Les écoles devraient également solliciter les commentaires des élèves sur les politiques technologiques de leur école, telles que l’utilisation des smartphones, afin à la fois d’élaborer des politiques plus significatives et d’impliquer les élèves dans le processus, recommande Woolf. La voix des étudiants, ou donner aux étudiants la possibilité d’avoir leur mot à dire sur la gestion de leur école, est un principe du SEL.

Atténuer la tension entre la technologie et le développement socio-émotionnel

Pendant longtemps, la technologie et l’apprentissage socio-émotionnel ont été considérés comme des choses distinctes, parfois même en contradiction l’une avec l’autre parce que la technologie était perçue comme sapant les compétences sociales des élèves.
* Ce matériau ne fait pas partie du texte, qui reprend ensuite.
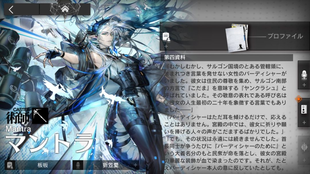 また、アルダシルの種族が、フィディアという種族であることも語られている。フィディアとは、蛇をモチーフとした種族である。共に行動しているネファリスは、ワニをモチーフとするアダクリスという種族だ。どちらもサルゴンに多く生息している点は、果たして偶然なのだろうか。先述した『アークナイツ』で登場する元パーディシャーのオペレーターであるマントラも、フィディア族なのだ。

Mais la pandémie a obligé les écoles à penser à offrir un apprentissage socio-émotionnel et d’autres soutiens au bien-être de nouvelles manières, a déclaré Woolf. Et tandis que l’apprentissage socio-émotionnel peut aider à soutenir une utilisation saine de la technologie, l’inverse est également vrai, même s’il est souvent négligé : la technologie peut également soutenir le SEL.
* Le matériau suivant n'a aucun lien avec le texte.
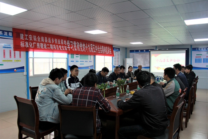 根據《中共江西省委關(guān)于認真學(xué)習宣傳貫徹黨的十九屆五中全會(huì )精神的通知》以及集團公司黨委的要求,11月26日,公司黨委書(shū)記、董事長(cháng)余恕保將黨的十九屆五中全會(huì )精神帶到了項目一線(xiàn),為全南縣返鄉基地標準化廠(chǎng)房建設二期項目黨支部進(jìn)行了宣講,并講授了一堂內容豐富、主題鮮明的專(zhuān)題黨課。公司黨委副書(shū)記、工會(huì )主席向洪江,副總經(jīng)理張柏林及項目部黨員、團員青年等30余人參加了學(xué)習。

Il existe des outils d’enregistrement basés sur des applications, tels que des compteurs d’humeur, où les élèves appuient sur un emoji qui décrit leur humeur actuelle et, en fonction de ce qu’ils sélectionnent, un lien vers une activité de pleine conscience connexe. C’est moins de travail pour les enseignants que les compteurs d’humeur en papier traditionnels, a déclaré Woolf, et cela permet au district de collecter et de voir beaucoup plus facilement les tendances à travers les données.
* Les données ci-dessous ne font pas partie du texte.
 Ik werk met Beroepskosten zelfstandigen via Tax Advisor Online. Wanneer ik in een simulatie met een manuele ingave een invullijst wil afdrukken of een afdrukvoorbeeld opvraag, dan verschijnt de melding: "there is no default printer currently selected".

Les programmes de gestion des données avec des tableaux de bord permettent également aux écoles de collecter et d’analyser plus facilement les données importantes pour comprendre les besoins et les capacités socio-émotionnels des élèves, a déclaré Schlinger de CASEL. Les données d’enquête sur la question de savoir si les élèves se sentent engagés, connectés ou en sécurité à l’école peuvent être facilement ventilées par sexe, âge, race, revenu et autres facteurs.

Comme pour beaucoup d’autres produits et services technologiques, ces avancées entraînent d’importantes préoccupations en matière de confidentialité.

“J’ai entendu beaucoup de parents et d’enseignants, si nous allons demander aux élèves comment ils se sentent, cela pourrait soulever des informations sensibles”, a déclaré Woolf.

La technologie peut aider les éducateurs d’autres façons, a déclaré Schlinger. Zoom et d’autres outils de vidéoconférence ont permis aux enseignants de rencontrer plus facilement les parents, en établissant ces relations cruciales, a déclaré Schlinger et ils ont rendu les opportunités de PD, y compris celles pour améliorer le SEL, plus accessibles aux enseignants.

Alors que la technologie a créé de nouveaux défis pour le développement socio-émotionnel des enfants – et pour les éducateurs enseignant ces compétences – il n’est pas utile de considérer les deux comme distincts ou en tension les uns avec les autres, a déclaré Schlinger.

“La technologie ne disparaît pas, nous devons donc fournir ces compétences à nos jeunes”, a-t-elle déclaré.